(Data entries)
··········
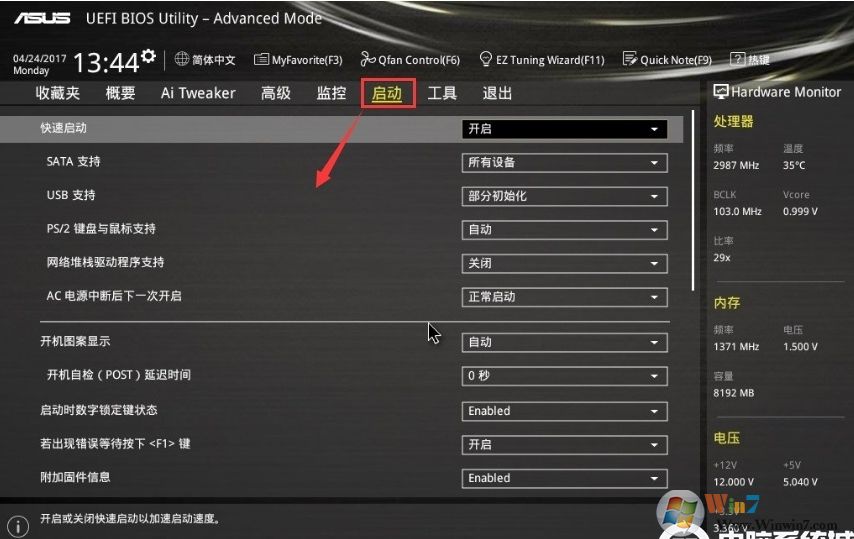 2、进入高级模式后,按→方向键移动到"启动"选项,如下图所示;
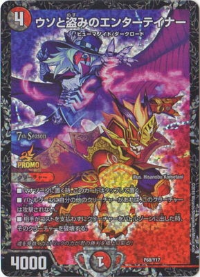 ウソと盗みのエンターテイナー P /火文明 (4) クリーチャー:ヒューマノイド/ダークロード 4000 バトルゾーンに自分の他のクリーチャーがあれば、このクリーチャーは攻撃されない。 相手がコストを支払わずにクリーチャーをバトルゾーンに出した時、そのクリーチャーを破壊する。
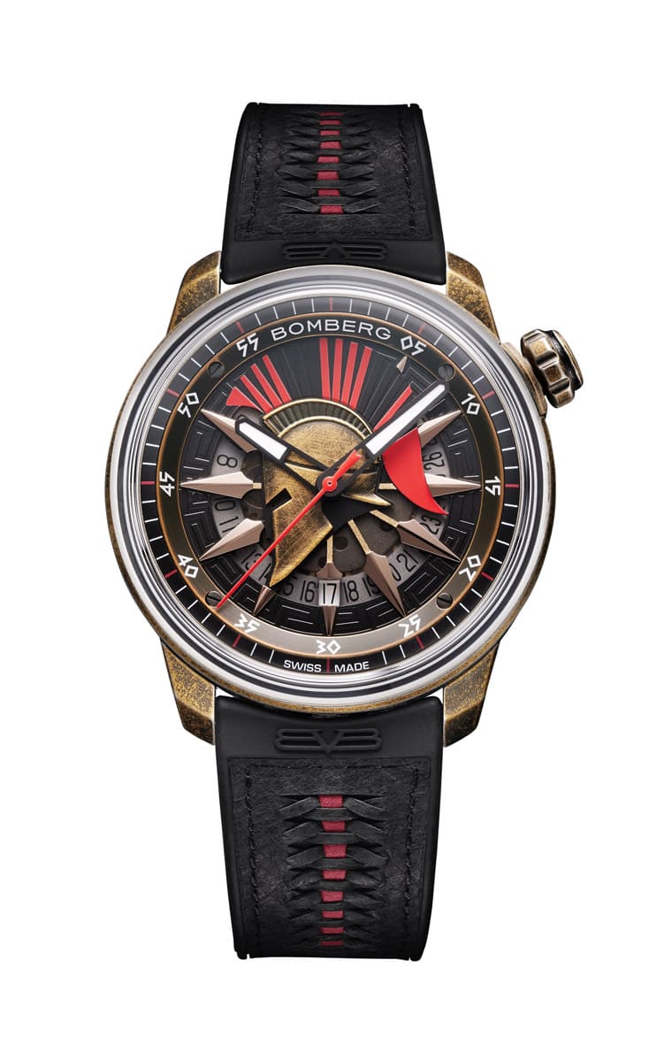 BOMBERG炸彈錶的一大特色在於品牌喜歡將世界各地具代表性的文化歷史推廣給世人,因此過去品牌曾將墨西哥亡靈節、阿茲提克文化的羽蛇神、瑪雅面具等各地的文化元素融入手錶細節。2022年炸彈錶再度以希臘的斯巴達戰士為題,創作出新錶BB-01 Spartan Red,手錶以著名的溫泉關戰役為靈感,展現出驍勇善戰的戰士文化。
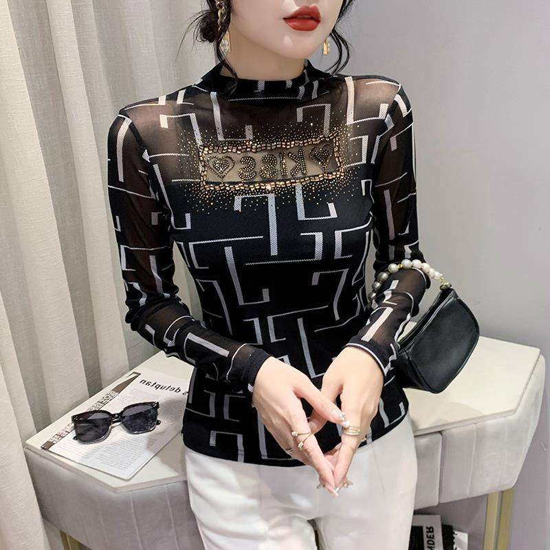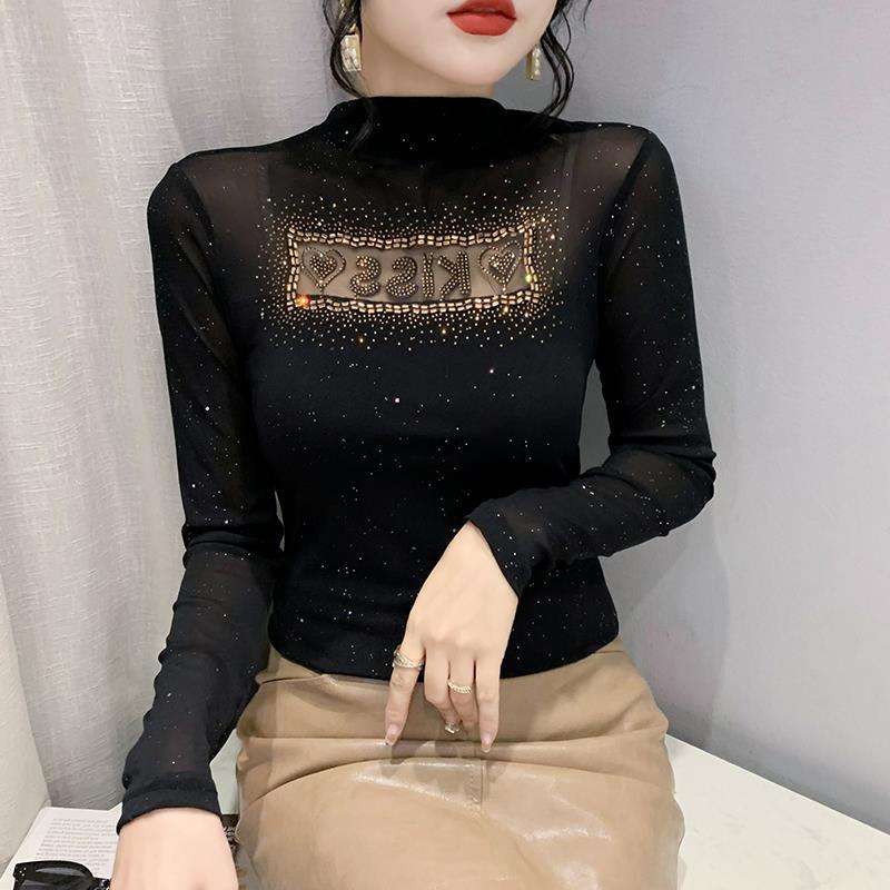 เสื้อคอเต่าแขนยาวสำหรับผู้หญิง, เสื้อคอเต่าครึ่งตัวอักษรพิมพ์ลายพลอยเทียมใหม่ฤดูใบไม้ผลิและฤดูใบไม้ร่วง
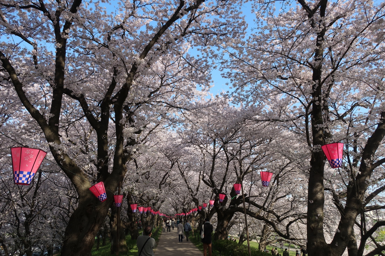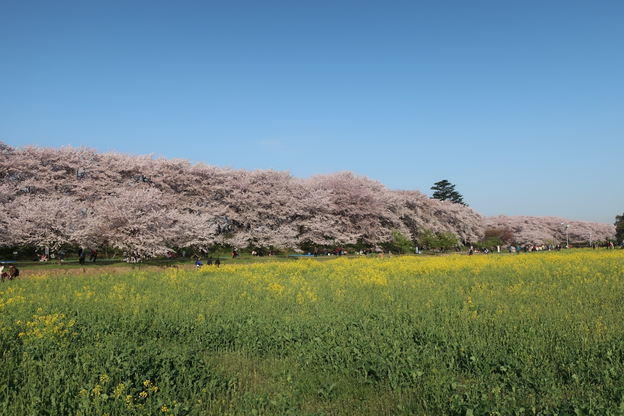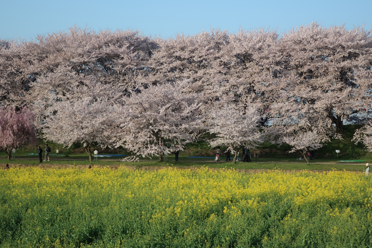 堤防には1kmほどの桜並木が植えられていますが、他の所よりも木の間隔が狭く密集度が高いため横から見るとピンクの畝が続いて居る様に見えます。さらに河川敷には菜の花が植えられており、菜の花と桜の花の共演が見られる所が最大の魅力。今年は桜の花が早く咲きすぎ、菜の花は5分咲き程だったのが残念ですが、見事な桜並木が見られる景観地です。
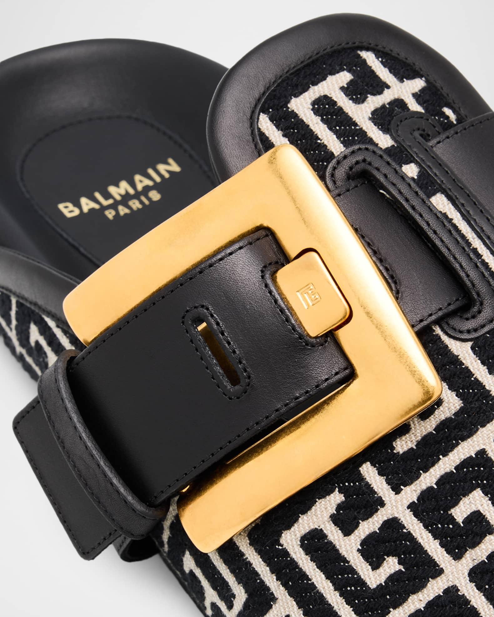 Balmain "Anthem" mules in jacquard canvas, displaying the iconic PB monogram for a bold statement Leather strap with an oversized gold-tone PB-engraved buckle Flat heel Round toe Leather lining Easy slide style Made in Italy
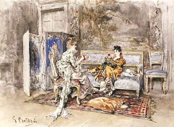 Bring the timeless beauty of Giovanni Boldini's La Conversazione into your home with a handmade oil painting reproduction. Carefully recreated on canvas by skilled artists using traditional techniques, this piece captures the delicate brushwork, subtle light, and vibrant color of the original masterpiece. With museum-level quality and rich texture, it brings elegance and artistic depth to any space. Enjoy free shipping and make this masterpiece a part of your personal collection.
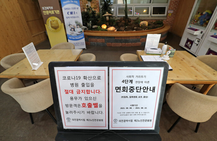 ▲ 11일 오후 대전시 동구 하소동 제2시립노인전문병원 면회실에 운영 중단 안내문이 놓여있다. [대전=연합뉴스] |
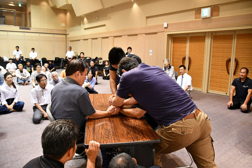 講義実践では、宇城道塾で展開する様々な検証が次々に行なわれ、筋力による対立の力と調和の力の桁違いな差や、子どもの持つぶつからない力、呼吸法で身体をひとつにすることからくる力をはじめ、目に見えないけれど、確実に存在し身体に変化を与える気など、これまでの常識的な「力」の概念とはまったく異なる「エネルギー」を参加者は体験していきました。
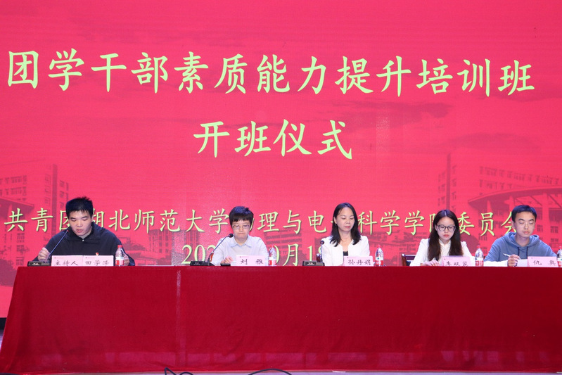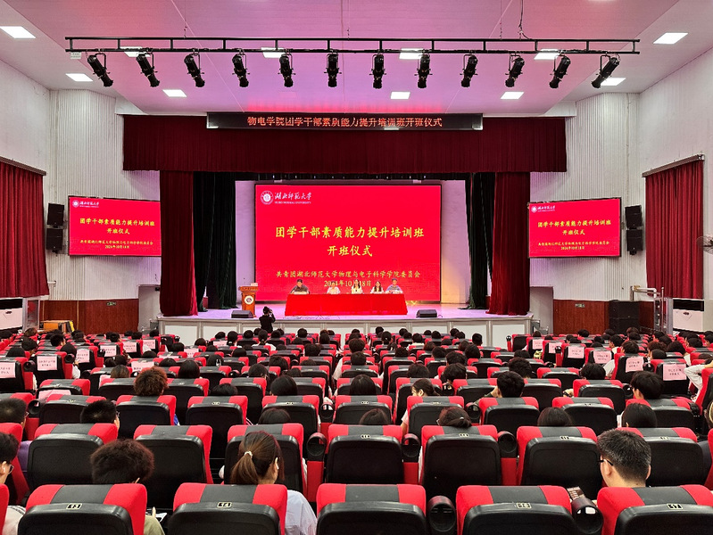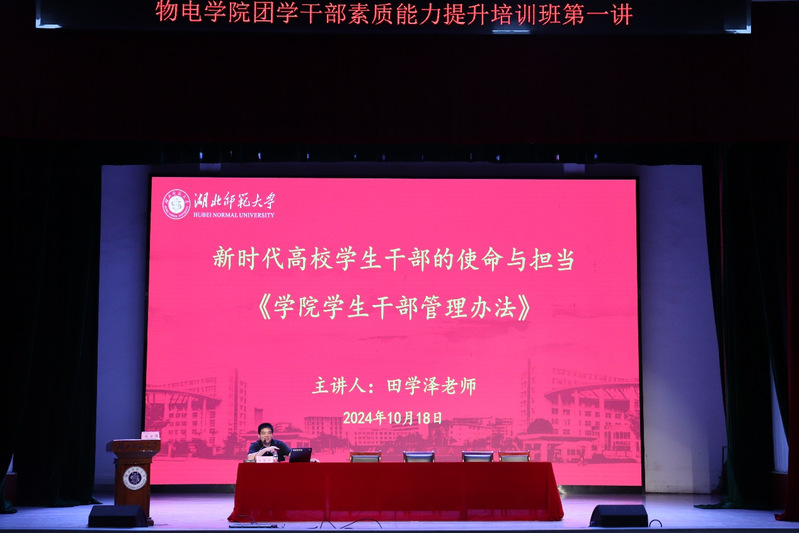 10月18日晚,伟德国际victor1946于湖师大礼堂举办团学干部素质能力提升培训班开班仪式,参与本次开班仪式的有学院党委书记孙丹娟、党委副书记刘雅、学工办李双翼老师、仇奥老师、学院全体团学干部、学院22级、23级、24级班干部代表。仪式由学院团委副书记田学泽主持。
··········
Exercise aim: Only the lines starting at the one that holds "Made in Italy" and ending at the last line of the data belong in your answer. Please set them down exactly and omit the pictures.

Solution:
 Balmain "Anthem" mules in jacquard canvas, displaying the iconic PB monogram for a bold statement Leather strap with an oversized gold-tone PB-engraved buckle Flat heel Round toe Leather lining Easy slide style Made in Italy
 Bring the timeless beauty of Giovanni Boldini's La Conversazione into your home with a handmade oil painting reproduction. Carefully recreated on canvas by skilled artists using traditional techniques, this piece captures the delicate brushwork, subtle light, and vibrant color of the original masterpiece. With museum-level quality and rich texture, it brings elegance and artistic depth to any space. Enjoy free shipping and make this masterpiece a part of your personal collection.
 ▲ 11일 오후 대전시 동구 하소동 제2시립노인전문병원 면회실에 운영 중단 안내문이 놓여있다. [대전=연합뉴스] |
 講義実践では、宇城道塾で展開する様々な検証が次々に行なわれ、筋力による対立の力と調和の力の桁違いな差や、子どもの持つぶつからない力、呼吸法で身体をひとつにすることからくる力をはじめ、目に見えないけれど、確実に存在し身体に変化を与える気など、これまでの常識的な「力」の概念とはまったく異なる「エネルギー」を参加者は体験していきました。
 10月18日晚,伟德国际victor1946于湖师大礼堂举办团学干部素质能力提升培训班开班仪式,参与本次开班仪式的有学院党委书记孙丹娟、党委副书记刘雅、学工办李双翼老师、仇奥老师、学院全体团学干部、学院22级、23级、24级班干部代表。仪式由学院团委副书记田学泽主持。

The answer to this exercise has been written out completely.